This is especially so as performance claims pencilled it in as statistically superior to BMW’s E92 M3 Coupe, which is the definitive sub-R1m performance car. We had one on test for a week to suss it out...

Son of a Quattro?

"What’s the point?" These were the words most uttered by observers when they happened upon the TT-RS at its Geneva unveiling. Was this supposed to be a junior R8 with the engine up front? Or perhaps it was Audi’s clandestine M3 rival, which of course begs the question what the RS5’s raison d'etre is?

Although the performance claims set it up against Munich’s M-Power 3 Series, I’d say it’s inarguable that Audi’s latest performance car offering is a product with near perfectly detailed brand heritage harking back to the old Quattro.

To this end TT-RS checks all the correct historic tick boxes. It has a five-cylinder engine (Audi’s first in more than a decade), a gated manual transmission and pretty trick all-wheel drive. You can trace its mechanical lineage faultlessly back to the original Quattro. The only thing it lacks is the ur-Quattro’s usable second row accommodation… 

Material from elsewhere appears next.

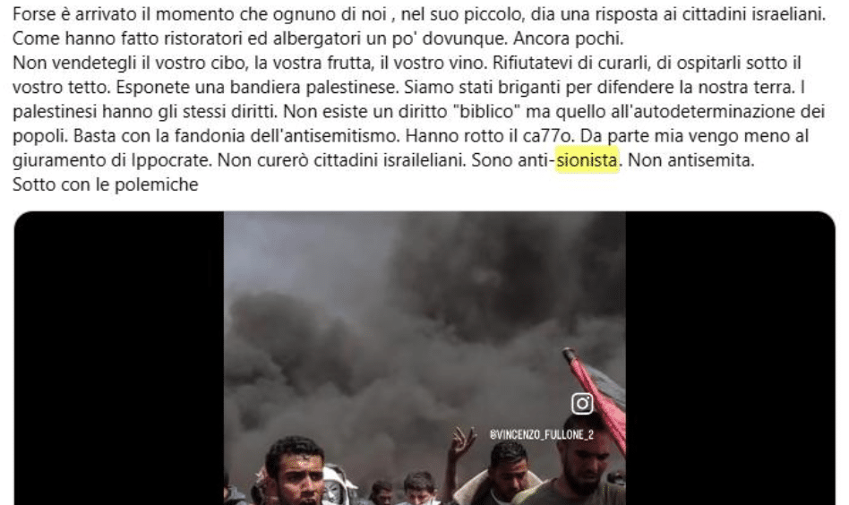 Stampa 23 Giugno 2025 Facebook, medico chirurgo invita a “dare una risposta agli israeliani” Luogo: Facebook Fonte: Segnalazione “Come fanno ristorati e albergatori…”
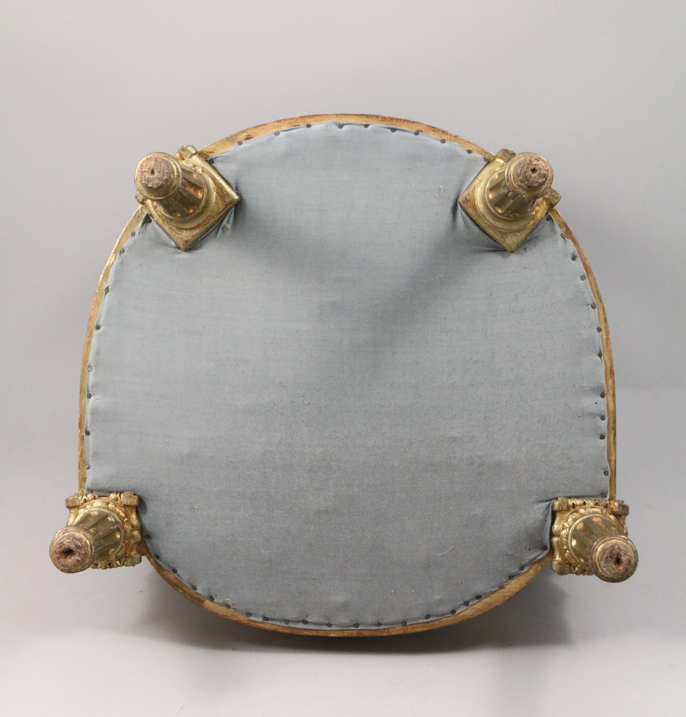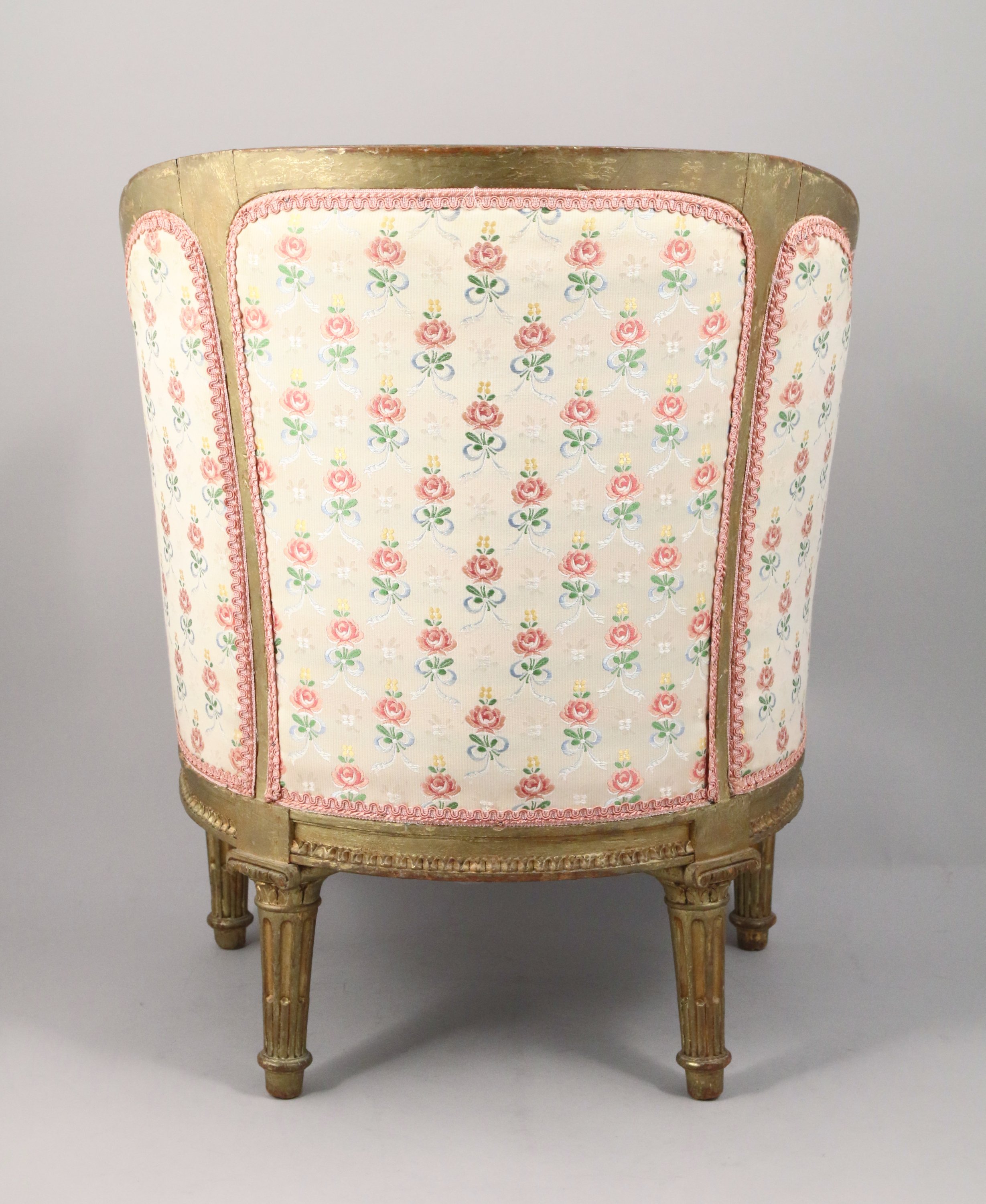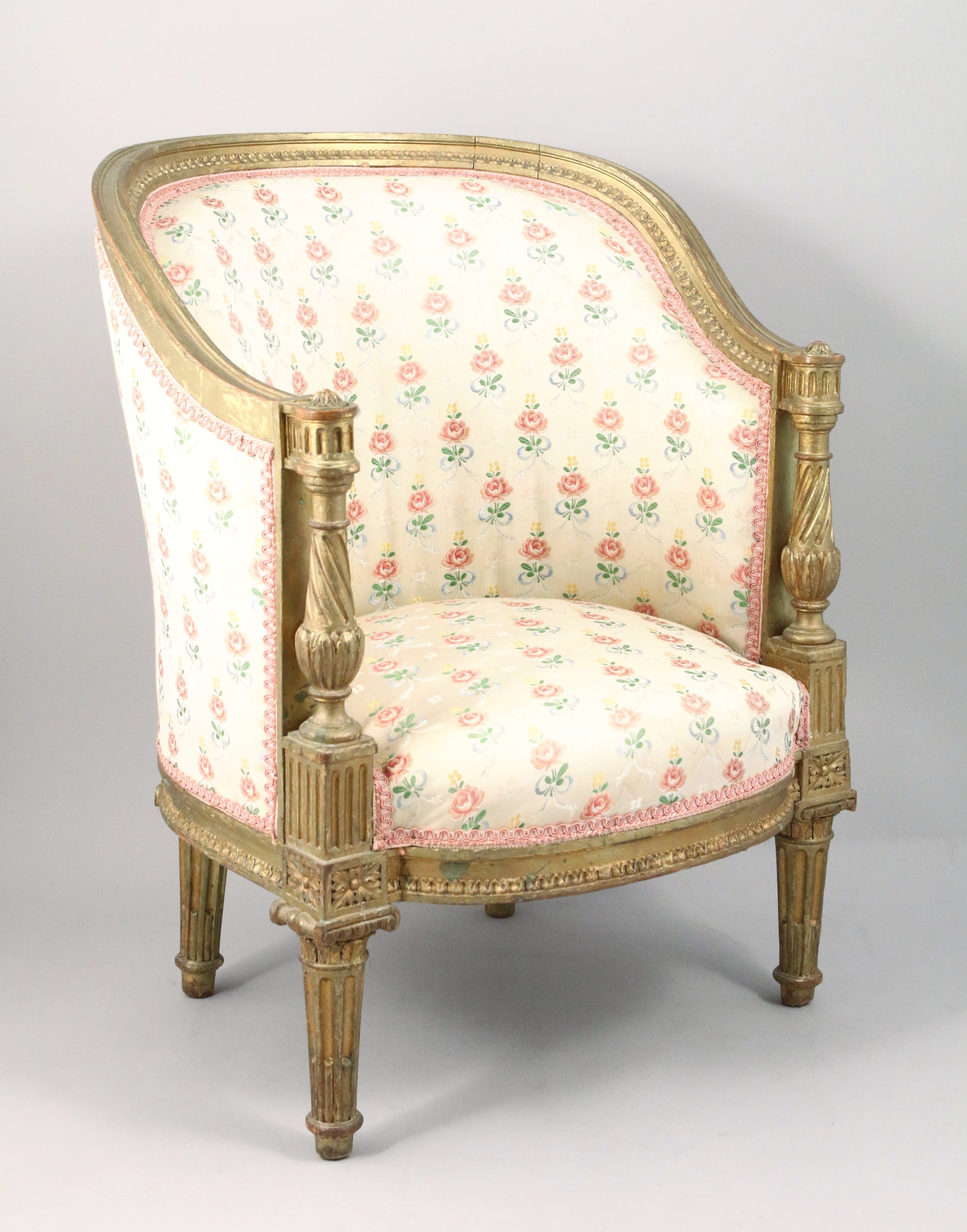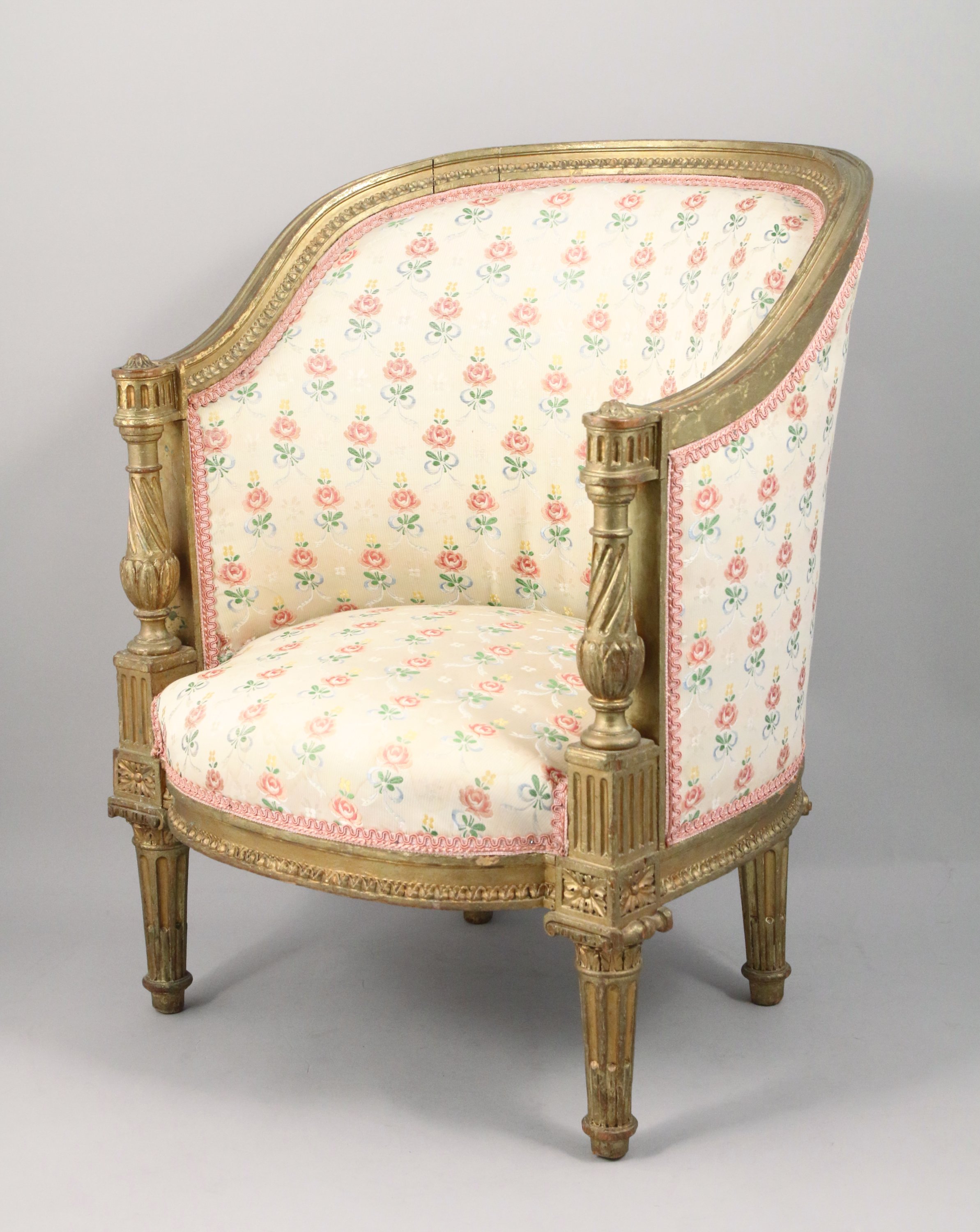 à décor d'une frise de fleurs de lotus, accotoirs formés par des colonnes saillantes à motifs torsadés et d'un bouquet de feuilles, quatre pieds fuselés et rudenté, dés de raccordement à décor d'une rosace. Garniture de tissus à motif de roses et nuds de rubans sur fond crème.

So, is the TT-RS the seminal Quattro reincarnate? Or is it a distressingly fast TT devoid of tactile involvement which manages, almost academically and by default, to be quicker than BMW’s M3 Coupe?



The original Quattro boasted unparalleled competition pedigree, especially in the hands of the mercurial Walter Röhrl. Is the TT-RS a worthy descendent of this bloodline?

Shrunken R8 design

In terms of design the TT-RS takes Audi’s entry-level coupe offering’s shape and embellishes it with all manner of useful, yet dubiously appointed, trinkets.

Most observers, mirroring my own opinion, felt the fixed rear spoiler too ornate, spoiling the TT’s fluid, organic shape.

Considering the TT-RS’s 280km/h top speed potential the necessity for elaborate airflow-management goodies is understandable, yet the TT-RS’s suite of aerodynamic add-ons (its rear wing and re-sculpted, splitter-accented front bumper) are definite debit entries in terms of the TT-RS’s overall aesthetic.

Our test car rode rolled optional five-spoke 19-inch alloys (which looked quite fetching I might add) and showed off the monumental brakes (370mm perforated rotors up front, 310mm rear) fitted to the TT-RS.

Offbeat engine, unholy performance

Audi’s first five-cylinder engine in nearly two decades is tidily compact (only 490mm) to ensure it fits transversely under the TT-RS’s bonnet.

It’s based on a VW Jetta block, re-cast for the TT application in vermicular-graphite iron, with the direct injection head taking its cue from the R8 V10’s design.
 
Despite the 2.5l engine’s relatively mellow 1.2bar boost regime, peak rotation force (450Nm) is on-line from 1 600- all the way to 5 300r/min before TT-RS tallies 250kW of power from 5 400- to 6 500r/min. Unsurprisingly here’s hardly a usable crankspeed you’ll be at a loss for output at, especially considering the tri-pedal transmission arrangement which confers full manual control to the driver.

In a car sporting all-wheel drive traction security and only pressurising 1 450kg of mass onto its four tyre contact patches, TT-RS’s repeat 0-100km/h sprint times in the high four second bracket are hardly surprising.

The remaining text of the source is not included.